I know its frustrating when someone slows up your world, heck I hate being inconvenienced, but at least I know that even though I am supreme ruler of the universe, I am not the only one in the universe...

I don’t know how many times I have been almost killed while running…people in their big ole metal machines not paying attention… driving too fast…talking on their DAMN cell phones.. well today just solidifies it.

While taking my “peaceful” walk from my truck in the far parking lot at work to the entrance of our building, some ANGLO SAXON man who thinks he is more important than the rest of world ….tried to run me over. YES, I did see him in his “really important car" ..and unless I have new magical powers of invisibility that I am unaware of…. I SHOULD NOT HAVE BEEN INVISIBLE…. and the fact that he had to swerve around me should have indicated to him that perhaps there is a problem.

So lets say that MR. I AM MORE IMPORTANT THAN ANYONE ELSE IN THE WORLD man missed the fact that he had to swerve around me because I was allocating space in front of him ……then maybe perhaps my arms in the air and screaming as-hole pointed out the exaggerated fact that dude.. “YOU ARE AN A-SHOLE.”

Somehow Mr. A-shole manages to park his car and catch up to me as I enter the building.

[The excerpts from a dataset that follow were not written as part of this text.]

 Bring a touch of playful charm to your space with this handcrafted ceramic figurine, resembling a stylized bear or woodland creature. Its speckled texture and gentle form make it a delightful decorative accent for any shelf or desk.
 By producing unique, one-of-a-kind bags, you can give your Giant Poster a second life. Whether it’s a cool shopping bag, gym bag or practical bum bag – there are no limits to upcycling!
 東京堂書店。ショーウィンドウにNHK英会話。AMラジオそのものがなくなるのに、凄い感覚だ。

Bad move on his part…

“Mame, I sorry but I didn’t know you were going to walk out in front of me… and you didn’t need to call me an an a-shole”

(... oh he is soo not seriously lecturing me after he just tried to run me over....)

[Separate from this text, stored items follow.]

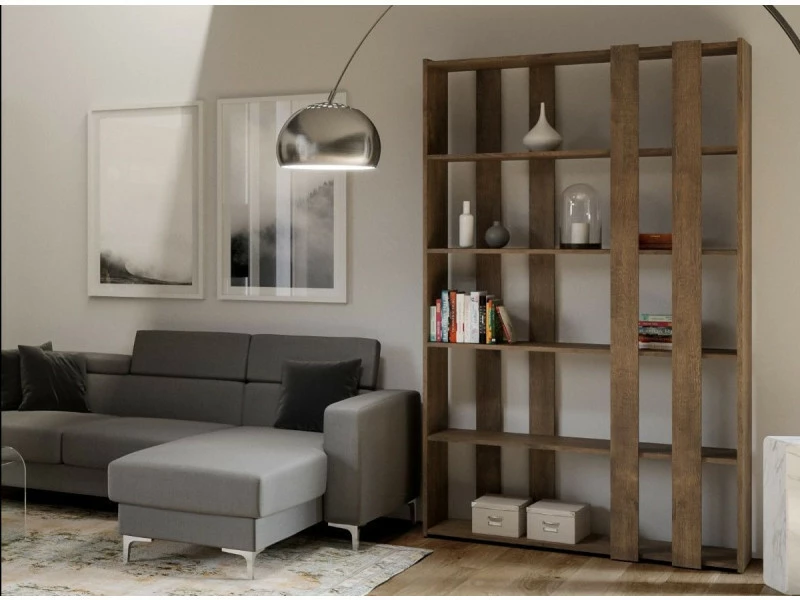 Cette jolie bibliothèque bois noyer sur 5 niveaux d’une longueur de 120 cm et d’une hauteur de 204 cm embellira votre intérieur avec charme et simplicité.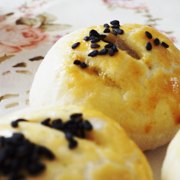 高筋面粉、糖粉、红豆沙、黑芝麻、黄油、鸡蛋液、鸡蛋液。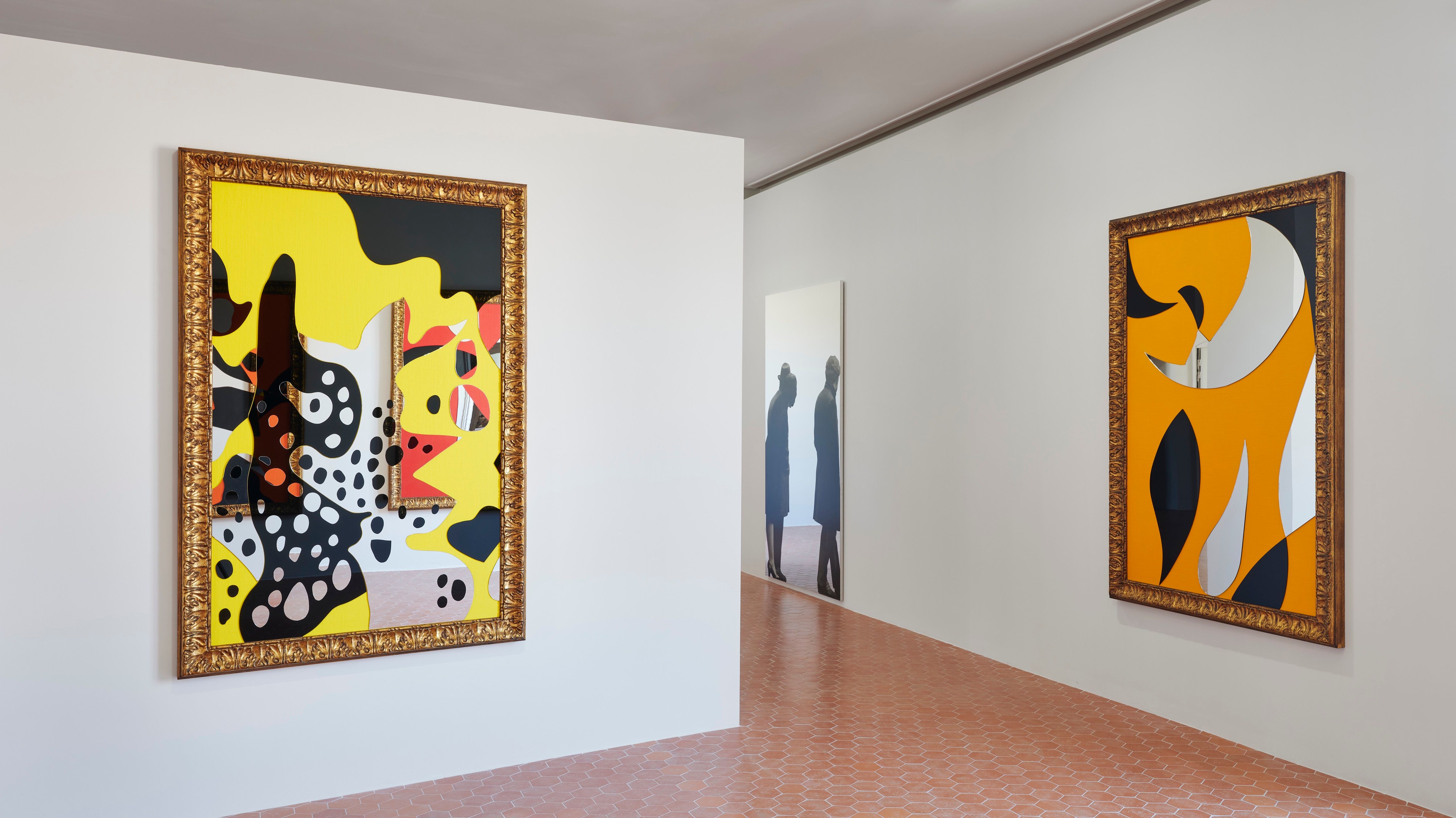 Vue de l’exposition « A Conversation Piece. Michelangelo Pistoletto et Lee Ufan en dialogue ». Au premier plan (à droite et à gauche) : Michelangelo Pistoletto, Color and Light, 2024, miroirs noir et blanc, jute, bois et cadre doré ; à l’arrière-plan : Attesa n. 1, 1973, sérigraphie sur acier inoxydable poli miroir, Lee Ufan Arles, 2025. Courtesy de l’artiste et de la Galleria Continua

I don't think its wise to start something with someone who is coffee and donut deficient…

"Seriously dude I was in the middle of the street and you tried to RUN ME OVER, you are an A-SHOLE. (EXCLAMATION POINT)!!"

Not sure if his mommy ever talked to him like that or what.. but he was completely shocked that OMG someone called him an a-shole.. NOT ONCE.. BUT TWICE!


I think he tried to justify trying to kill me by stating I leapt into his path.

It’s a stretch buddy.. truly now you are reaching for it, you do realize if I had "leapt" into your path you most certainly would have felt it because I would have put my fist through your windshield.

He started to mumble that he was “only going 15 mph.” Really and you know this because you were watching the road or your speedometer? And you do realize you were in a parking lot?

Conversation is done… told him to call security explain that to them and perhaps maybe they can explain right of way to him.. i did "wish him well" with a closing remark that “I hope you don't run anyone else over…”

I am sure I will see him later in the cafeteria or something.. or maybe he will try and push me down the steps or poison me…

.. perhaps if I had had a chance to have a donut..I would have been more charming…

Thursday, April 7, 2011

When one door closes SLAM THE NEXT DOOR SHUT!

Most of you have already heard by now.. for those who have not…

I did NOT make the first ROLLER DERBY DRAFTS….

So I pouted and I sulked.. and I cried myself to sleep. …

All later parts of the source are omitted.